A thing of the mind

A thing of the mind

…………..Uyo, 1989………………

Death was around. The atmosphere had become cheerless as the mortuary. Silence took preeminence like we do witness during daily mass at St. Patrick Catholic Church. The day wore a mournful look and the whole thing looked as clammy as death itself.

I was fifteen but Mma had always told me about this day. I got the grip from her proverbial tales of how the unseen ancestral spirits will come and slowly take her life. She had told me that her body would first become weakened and gradually she would take her last breath. I was so inquisitive, and I disturbed Mma with many questions which she gleefully answered.
She talked about death as though it’s nothing.
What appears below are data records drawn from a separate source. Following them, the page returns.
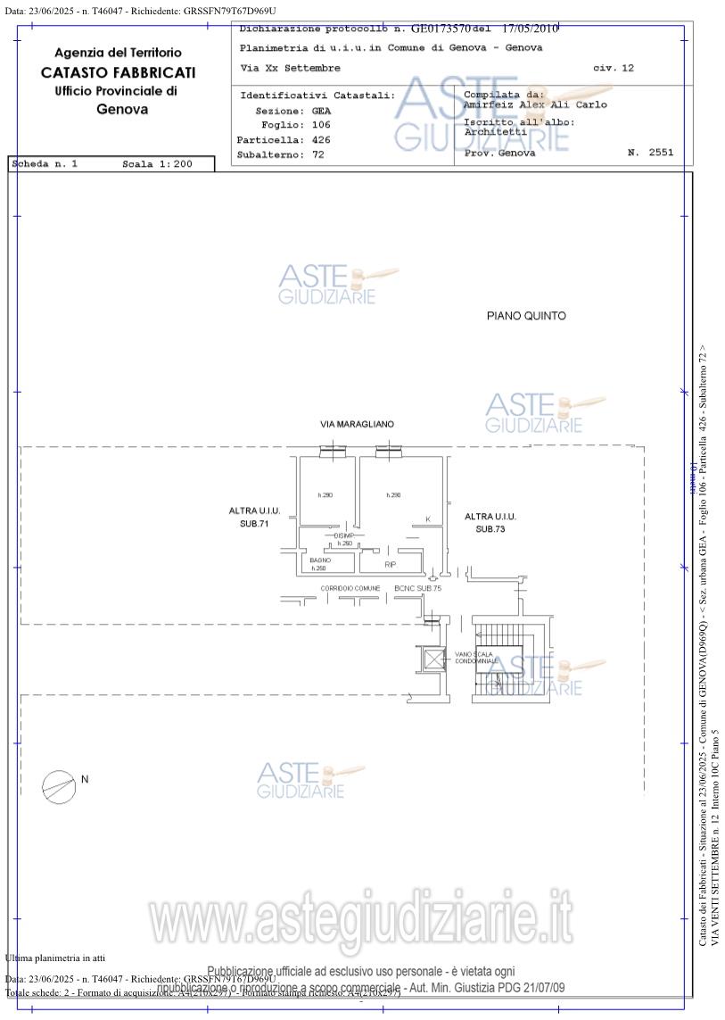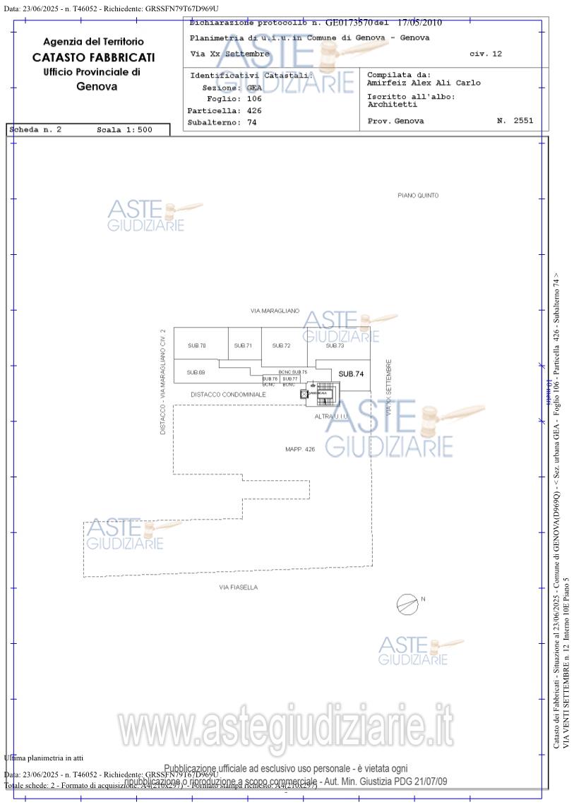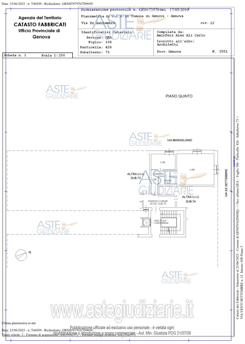 Vendita all'asta Senza incanto, con gara telematica sincrona mista - LOTTO 2: Bene N° 1 - Quota 100% diritto di proprietà appartamento ubicato a Genova (GE) - Via Venti Settembre 12 int.10C, edificio 1, scala 1, interno 10C, piano 5;Bene N° 2 - Quota 100% diritto di proprietà appartamento ubicato a Genova (GE) - Via Venti Settembre 12 int.10D, edificio 1, scala 1, interno 10D, piano 5;Bene N° 3 - Quota 100% diritto di proprietà appartamento ubicato a Genova (GE) - Via Venti Settembre 12 int.10E, edificio 1, scala 1, interno 10E, piano 5. Prezzo base € 522.780,00 (offerta minima € 392.085,00). Data vendita 25/02/2026 ore 13:30. Professionista delegato alla vendita Dott. Luca Ciccangeli - Email "ciccangeli.luca@gmail.com"; Cell. 3385912888; Tel. 010581778. Custode Giudiziario Sovemo Srl - Email "visitegenova@sovemo.com"; Tel. 01005299253. Rif. Tribunale di Genova - Espropriazione immobiliare (cartabia) n. 71/2025
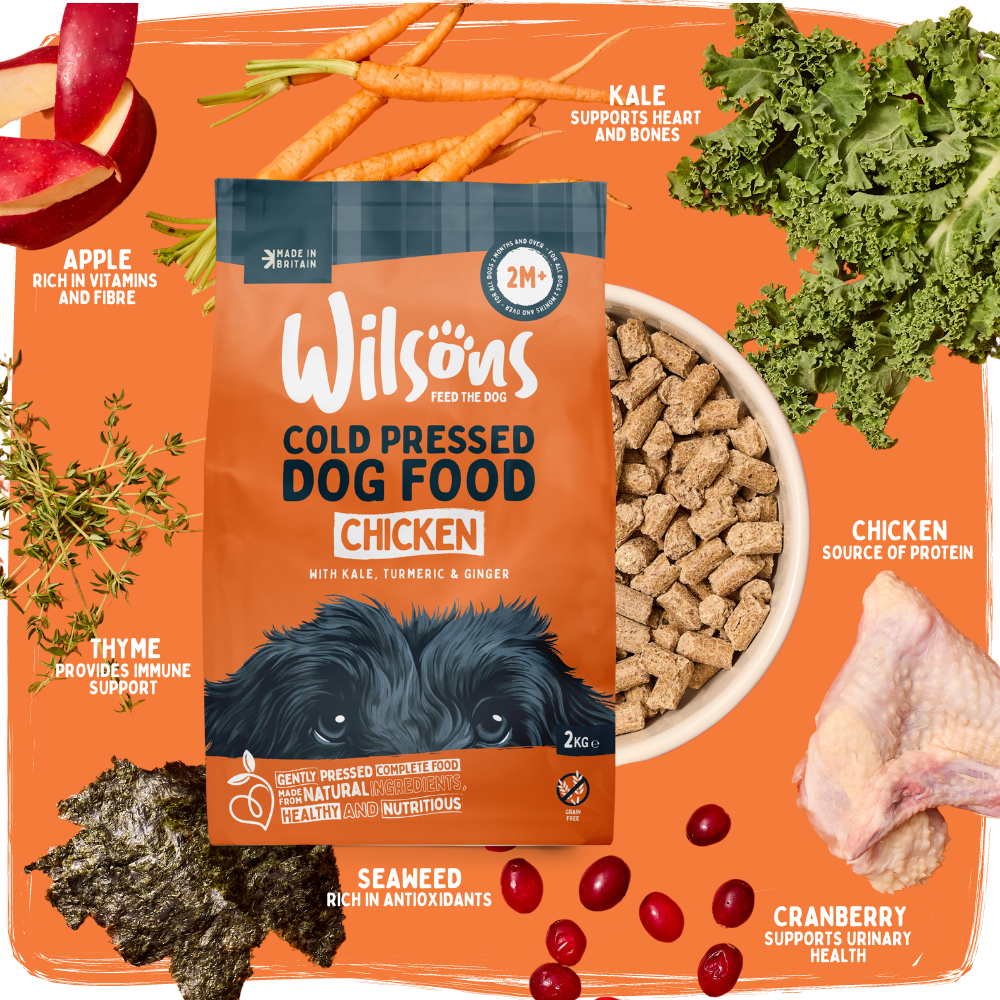 This is award winning Wilsons Cold Pressed. A nutritionally complete dry food, handmade in Scotland using only the very best natural ingredients. Our huge range ensures fussy pup requirements are met, including grain free and chicken free options.
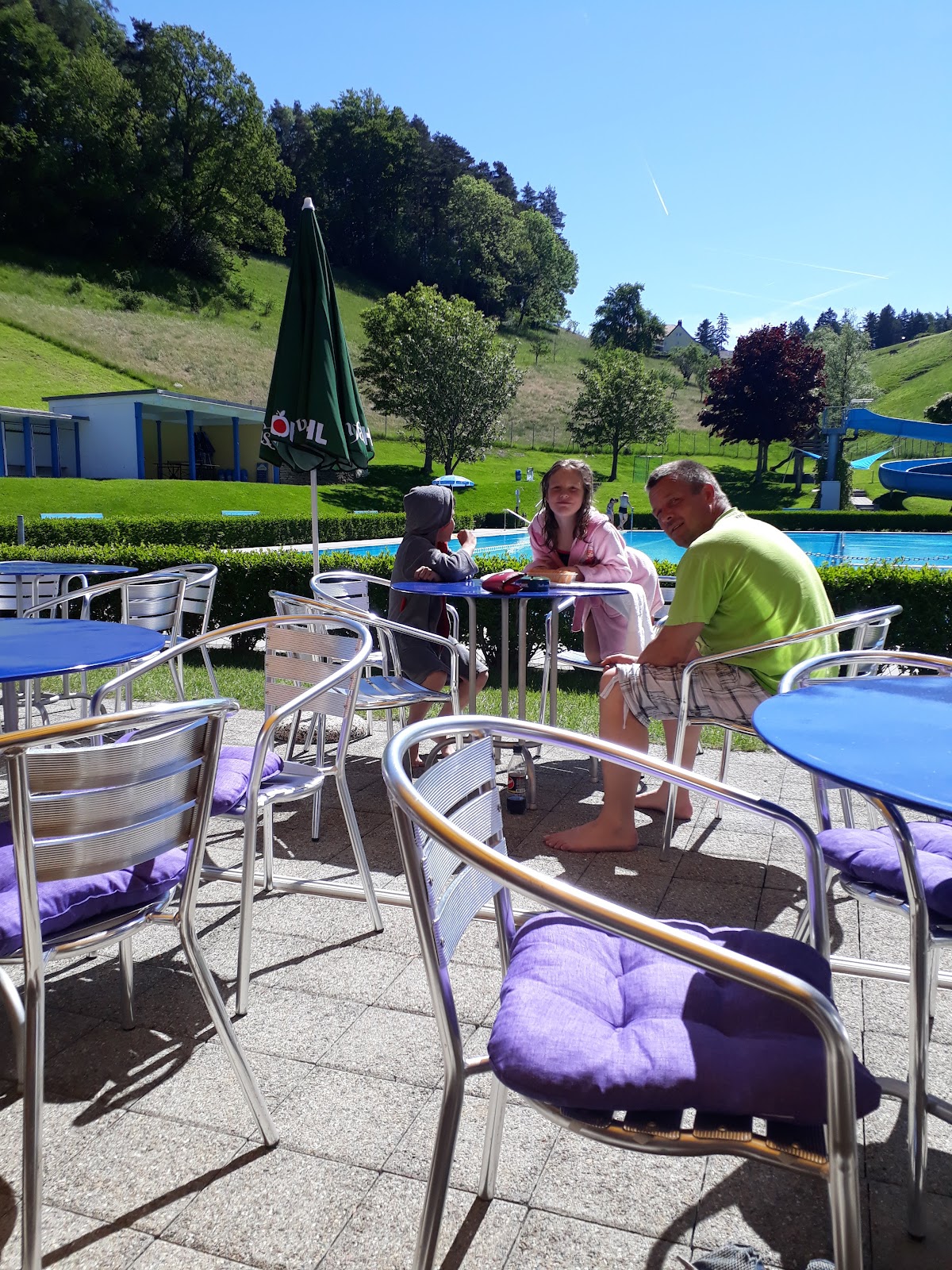 Das kleine Freibad liegt eingebettet zwischen Hügeln und windgeschützt im Weiler Ledi zwischen Lachen und dem Dorf.

I remember when I was ten; Mma took me with her to the funeral service held for Mrs. Cecelia Akpan- at Uyo Catholic Dioceses. Late Mrs. Akpan was the only close friend I could identify with Mma and she told me her bosom friend had been suffering from a severe heart disease before she eventually died. But the mass service we had at St. Patrick before her funeral, Father Nathaniel had told the congregation that Mrs. Akpan died after a brief illness.  So did the obituary posters pasted all around Uyo town. When I asked Mma how come, she told me yes, although the disease was a severe type, it was brief. Mrs. Akpan died two months after she was diagnosed.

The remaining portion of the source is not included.